• **Your instructions**
Leave every image out, and print the remaining lines below exactly.

──────── Provided material

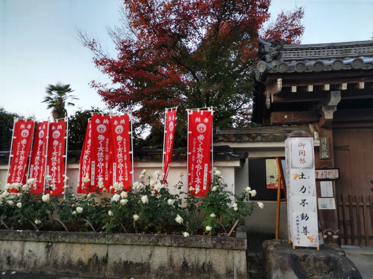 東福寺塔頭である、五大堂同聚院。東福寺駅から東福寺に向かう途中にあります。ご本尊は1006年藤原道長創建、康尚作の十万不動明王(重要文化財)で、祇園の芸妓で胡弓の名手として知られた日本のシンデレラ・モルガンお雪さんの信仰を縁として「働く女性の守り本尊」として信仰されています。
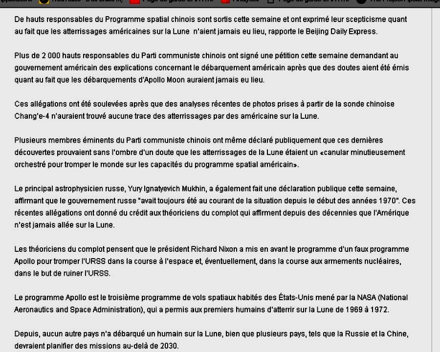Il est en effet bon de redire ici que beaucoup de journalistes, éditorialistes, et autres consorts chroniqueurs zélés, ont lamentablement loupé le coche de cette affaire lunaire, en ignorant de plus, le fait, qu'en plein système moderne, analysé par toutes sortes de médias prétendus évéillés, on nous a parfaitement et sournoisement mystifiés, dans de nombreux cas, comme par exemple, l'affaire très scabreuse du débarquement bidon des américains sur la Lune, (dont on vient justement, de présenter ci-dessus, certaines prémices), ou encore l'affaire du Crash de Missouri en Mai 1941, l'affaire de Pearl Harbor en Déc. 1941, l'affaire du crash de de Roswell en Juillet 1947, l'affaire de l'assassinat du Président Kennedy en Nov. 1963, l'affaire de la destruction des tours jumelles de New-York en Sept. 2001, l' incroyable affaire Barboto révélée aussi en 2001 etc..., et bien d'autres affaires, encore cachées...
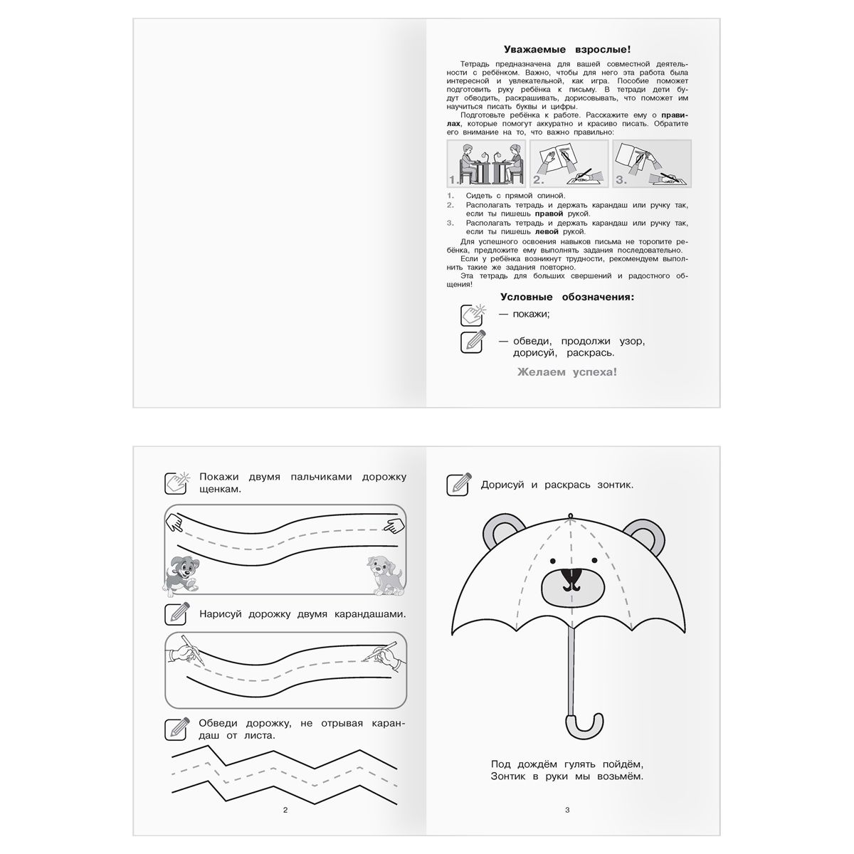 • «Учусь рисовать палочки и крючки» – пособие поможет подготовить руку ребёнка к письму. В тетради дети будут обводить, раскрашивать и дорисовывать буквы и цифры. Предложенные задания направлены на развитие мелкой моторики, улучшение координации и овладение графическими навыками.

────────────────

• **Written solution**
 東福寺塔頭である、五大堂同聚院。東福寺駅から東福寺に向かう途中にあります。ご本尊は1006年藤原道長創建、康尚作の十万不動明王(重要文化財)で、祇園の芸妓で胡弓の名手として知られた日本のシンデレラ・モルガンお雪さんの信仰を縁として「働く女性の守り本尊」として信仰されています。
Il est en effet bon de redire ici que beaucoup de journalistes, éditorialistes, et autres consorts chroniqueurs zélés, ont lamentablement loupé le coche de cette affaire lunaire, en ignorant de plus, le fait, qu'en plein système moderne, analysé par toutes sortes de médias prétendus évéillés, on nous a parfaitement et sournoisement mystifiés, dans de nombreux cas, comme par exemple, l'affaire très scabreuse du débarquement bidon des américains sur la Lune, (dont on vient justement, de présenter ci-dessus, certaines prémices), ou encore l'affaire du Crash de Missouri en Mai 1941, l'affaire de Pearl Harbor en Déc. 1941, l'affaire du crash de de Roswell en Juillet 1947, l'affaire de l'assassinat du Président Kennedy en Nov. 1963, l'affaire de la destruction des tours jumelles de New-York en Sept. 2001, l' incroyable affaire Barboto révélée aussi en 2001 etc..., et bien d'autres affaires, encore cachées...
 • «Учусь рисовать палочки и крючки» – пособие поможет подготовить руку ребёнка к письму. В тетради дети будут обводить, раскрашивать и дорисовывать буквы и цифры. Предложенные задания направлены на развитие мелкой моторики, улучшение координации и овладение графическими навыками.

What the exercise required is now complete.